Amid concerns about increasing disability rolls and wasteful spending, the agency in 1981 began stricter screening of beneficiaries. It halted aid to hundreds of thousands.

Lawmakers were besieged with constituents' complaints of unfairly being cut off. Some people lost their homes or killed themselves after being dropped.

"Government Gets Tough on the Disabled," the Miami Herald said on its front page on Jan. 16, 1983. "Vietnam-Era Hero Falls Victim to Cuts in Social Security," the Washington Post reported in a May 27, 1983, article about a Medal of Honor winner who was dropped from the disability rolls. The veteran's benefits were later reinstated by a judge who considered the case on appeal.

Suicide Threats

In 1983, the Social Security Administration developed guidelines for handling beneficiaries who threatened suicide if their aid was cut, the New York Times reported at the time.
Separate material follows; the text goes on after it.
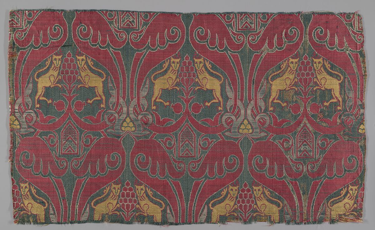 This silk textile shows pairs of confronting lions on either side of a stylized tree, enclosed by swooping crimson-colored split palmette leaves and set against a green ground. The lions have been compared to a Granadine textile bearing Nasrid heraldic emblems and rampant lions, which possibly served as the model. Variants of this pattern, depicting slightly different plant forms or animals illustrate that these textiles were mass-produced. For similar textiles in the museum’s collection, see also 25.120.453, 20.94.1, and 1981.372.

Congress reversed the cuts in 1984 and expanded benefits beyond what had been previously offered.

Both parties are steering clear of the issue. Neither President Barack Obama nor U.S. House Republicans in their proposed budgets has addressed the disability program's shortfall.

"We're not trying to fix every problem in America with this one document," said House Budget Committee Chairman Paul Ryan, a Wisconsin Republican. "We're trying to prevent a debt crisis and this is not a driver of our debt."

"The administration believes that disability insurance is a vital lifeline for millions of Americans," Kenneth Baer, a spokesman for the White House budget office, said in an e-mail. "The president remains willing to work with Congress on a bipartisan basis to strengthen Social Security and protect the millions of beneficiaries."

Screening Beneficiaries

He added that lawmakers didn't fully fund the administration's request for more money to screen beneficiaries.

Senate Finance Committee Chairman Max Baucus, whose committee sets Social Security policy, said the program's finances are less dire than they may appear. Congress can funnel revenue from elsewhere in the government to cover the program's shortfall, he said.

That's what happened the last time the disability program faced insolvency. Congress voted in 1994 to increase the share of the Social Security payroll tax that supports disabled workers, which shored up disability payments at the expense of the retirees' program.

Baucus said lawmakers won't consider broader changes any time soon. First, they must sort out what to do about George W. Bush-era income tax cuts scheduled to expire at the end of this year, automatic spending reductions that begin taking effect in January and overhauling the tax code, he said.

"One thing at a time," said Baucus, a Montana Democrat. "There are other things that are more imminent."